**Extracted entries**:

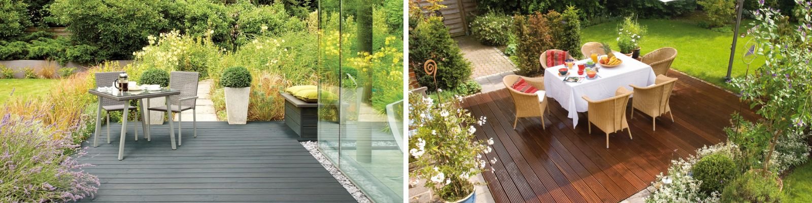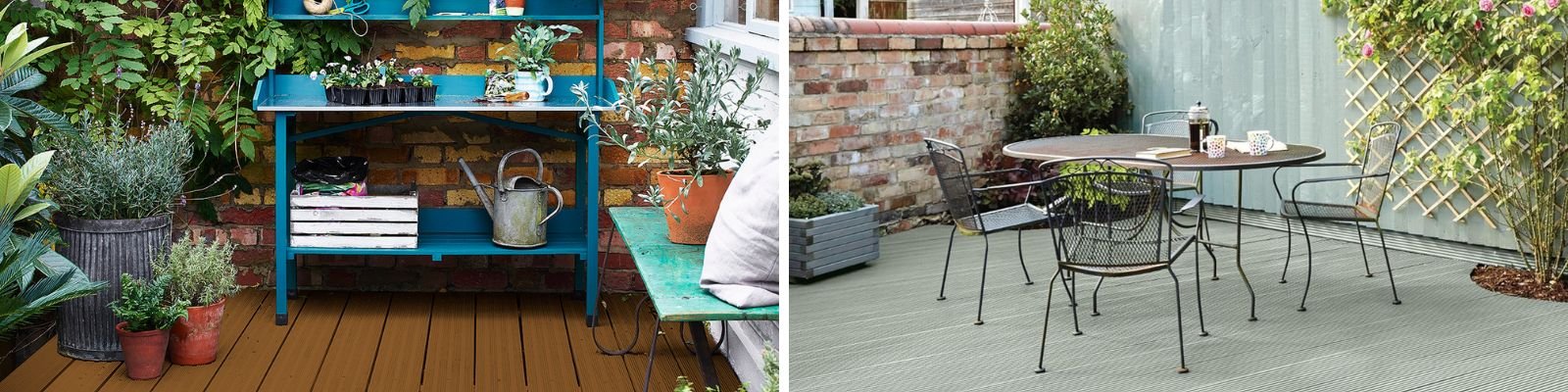 Deck on the left finished in Cuprinol Anti-Slip Decking Stain in Golden Maple. Deck on the right finished with Ronseal Ultimate Protection Decking Paint in Sage.
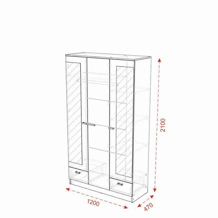 - Имеет размеры 1200х470х2100 мм, что предоставляет обильное место для хранения вашей одежды, белья, обуви и других предметов.
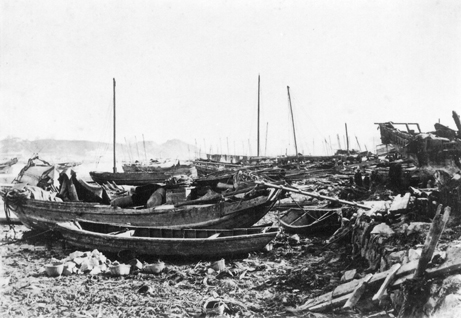 Most of the 2,000 vessels lost were fishing craft, and the Chinese boat people were all but wiped out. Larger vessels were lost too. A Portuguese gunboat, Principe Carlos, was landed in a paddy field 14 miles away to the south 3, and Teixeira(7) names three other ships that were driven ashore or suffered damage in the Porto Interior.
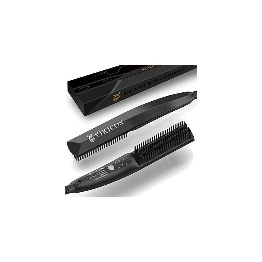 VIKICON Beard Straightener, 30s Quick Heated Beard Brush, Mini Heating Straightening Comb for Men, Ionic/Lightweight/Fast/Anti-scalding Hot Hair
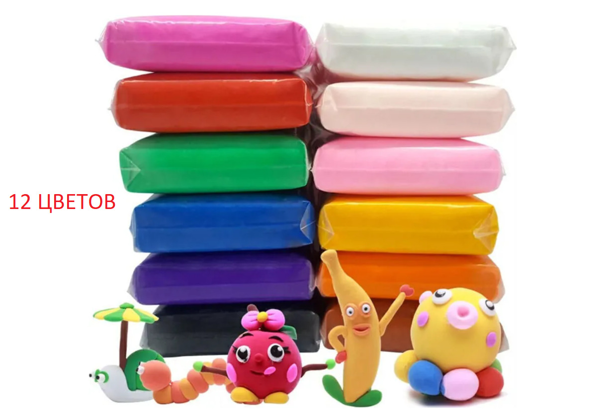 НИКУСИКИ / Пластилин лёгкий, мягкий, воздушный для лепки и творчества 12 штук в индивидуальной упаковке. (12 цветов)
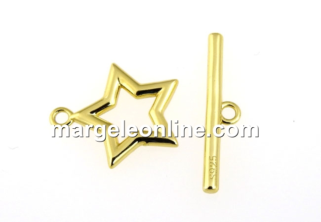 Toggle lock, material: 925 silver plated with gold, marked, size: 15x13mm and stick: 20mm. The price is for one piece.
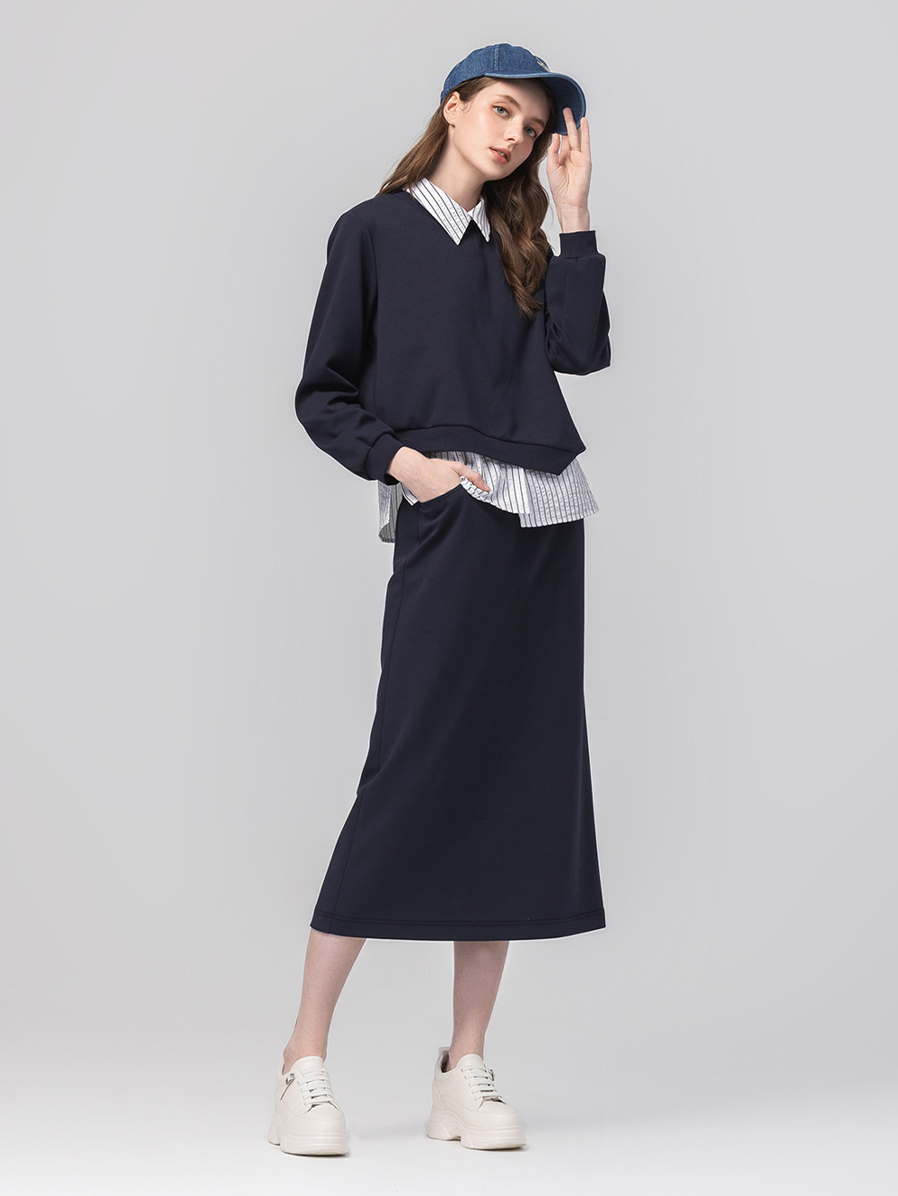 *上身下襬不對稱造型設計 *內搭襯衫可自由穿脫搭配 *下身鬆緊腰頭,穿脫方便 *棉質面料柔軟舒適
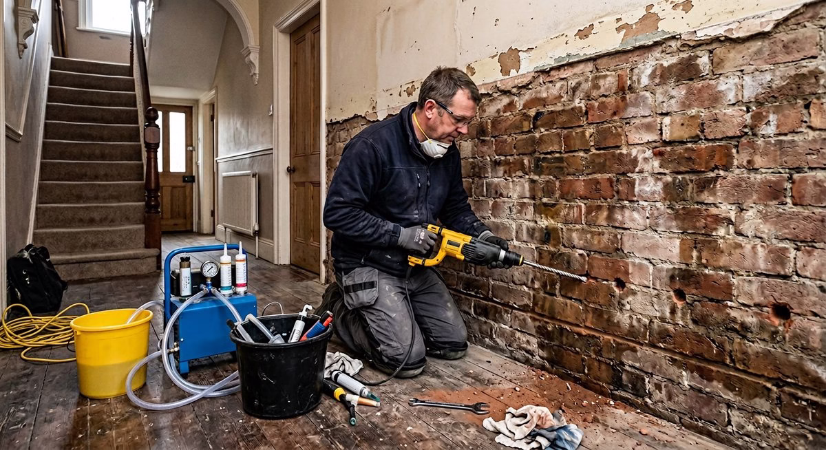 Injection alone typically costs £70–£100 per linear metre — roughly £1,500–£2,500 for a semi-detached house, plus £80–£150 per square metre for associated replastering. Quotes above £5,000 for a standard semi should prompt a second opinion.

**Work required**:
Please set down the lines from the one with "НИКУСИКИ / Пластилин" to the end of the entries above, exactly as they are, and drop every picture.

**The completed task**:
 НИКУСИКИ / Пластилин лёгкий, мягкий, воздушный для лепки и творчества 12 штук в индивидуальной упаковке. (12 цветов)
 Toggle lock, material: 925 silver plated with gold, marked, size: 15x13mm and stick: 20mm. The price is for one piece.
 *上身下襬不對稱造型設計 *內搭襯衫可自由穿脫搭配 *下身鬆緊腰頭,穿脫方便 *棉質面料柔軟舒適
 Injection alone typically costs £70–£100 per linear metre — roughly £1,500–£2,500 for a semi-detached house, plus £80–£150 per square metre for associated replastering. Quotes above £5,000 for a standard semi should prompt a second opinion.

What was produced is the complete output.